The state of Victoria in Australia has had a long history of catastrophic bushfires, the most deadly of these, the Black Saturday bushfires of 2009 claiming 173 lives. Legislation, planning, management and suppression are the responsibilities of the Victorian State Government through its departments and agencies including the Country Fire Authority (CFA) and the Department of Environment, Land, Water and Planning (DELWP).

Fire districts
Victoria is divided into nine fire districts as follows:
Central (includes Melbourne, Geelong and Ballarat)
East Gippsland
Mallee
North Central
Northeast
Northern Country
West & South Gippsland
Western District
Wimmera

The districts were reconfigured together with weather forecast districts so that they share common alignments. The revised alignments follow Local Government Authority boundaries, except in Yarriambiack Shire. The new alignments came into effect on 3 November 2010. Total Fire Bans & Fire Danger Ratings maps reflect predictions of the relative danger of bushfire conditions in each district and are communicated to the general public through weather forecasts and the Country Fire Authority and Department of Environment and Primary Industries internet sites during the fire season. The ratings are Low-Moderate, High, Very High, Severe, Extreme and Code Red.

Fire management

Suppression
A number of agencies are responsible for bushfire suppression in Victoria - the Country Fire Authority (CFA) which is a statewide volunteer-based organisation, the Department of Environment, Land, Water & Planning (DELWP) who are responsible for public land, covering one third of the state and the Metropolitan Fire Brigade (MFB), which covers the metropolitan area of Melbourne.

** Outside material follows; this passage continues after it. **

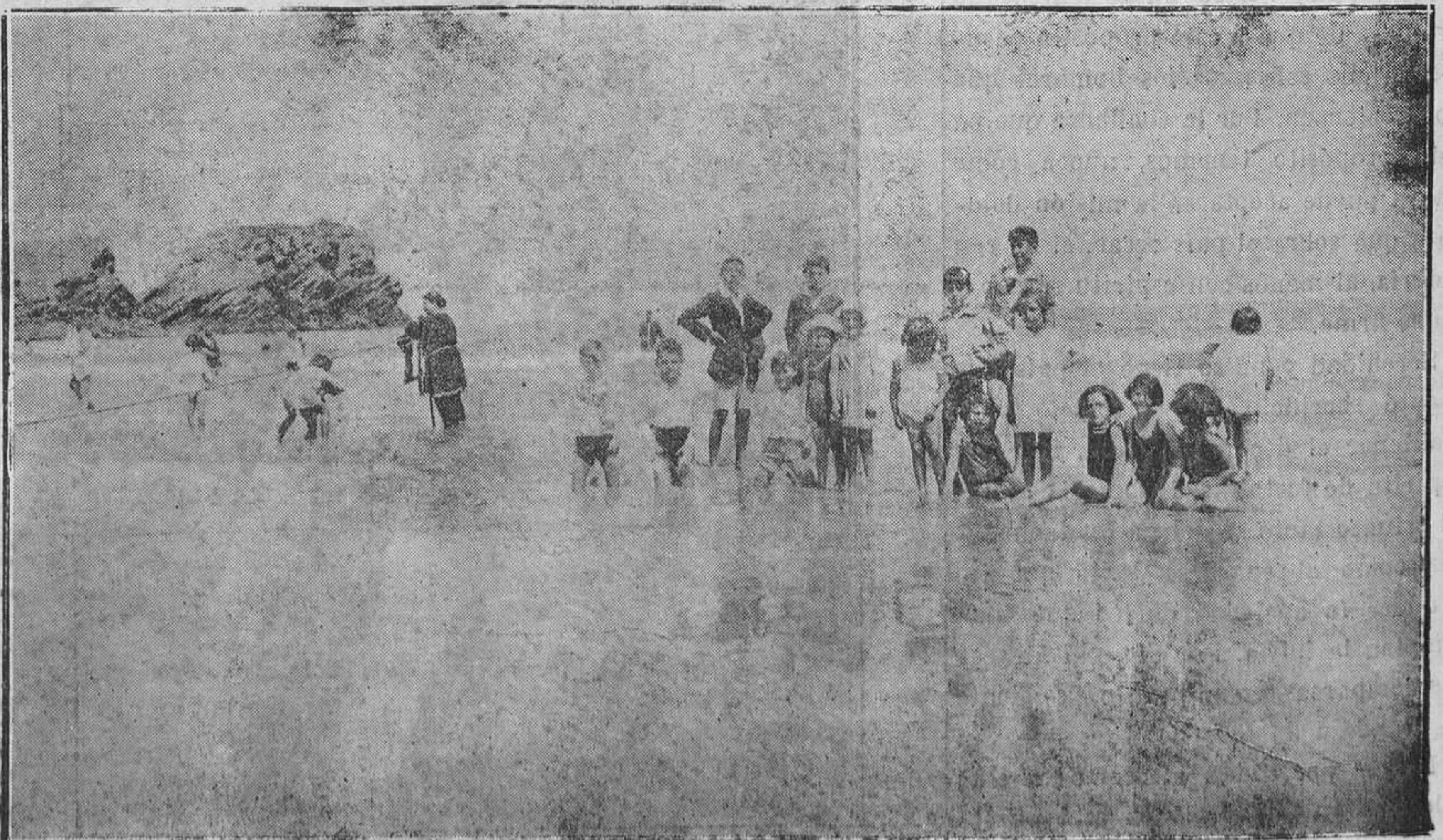
EL VERANEO EN ASTURIAS.--Grupo de nenes de los muchos que disfrutan de la bella playa de Salinas.

Parks Victoria is a government agency which also assiduously maintains the majority of Victoria's wetlands, national parks, marine parks and parklands. Parks Victoria takes part regularly in planned burning and fuel reduction burns which aim to reduce the potential impact of bushfires. Around 70% of Parks Victoria's staff are trained in specific fire fighting roles. Many of those staff are deployed each summer in Victoria to assist in fighting fires. Parks Victoria openly states that it supports the Department of Environment, Land, Water and Planning (DELWP).

Bushfire warnings
Once fires have started, the Country Fire Authority give graded warnings through various means to areas of settlements that may be affected by the fire. These warnings are distributed as messages detailing the status of the fire, its potential movements and give advice to residents in areas that may be affected. They are as follows:

Emergency Alert telephone warnings may be sent in extreme circumstances. Landlines in the emergency area receive voice messages and mobile phones (with a billing address in the emergency area) receive text messages. Emergency broadcasts are made on local ABC and commercial radio stations and Sky News television. Information can also be sought by telephone from the Victorian Bushfire Information Line. During an emergency, the Standard Emergency Warning Signal is played via television, radio and public address systems.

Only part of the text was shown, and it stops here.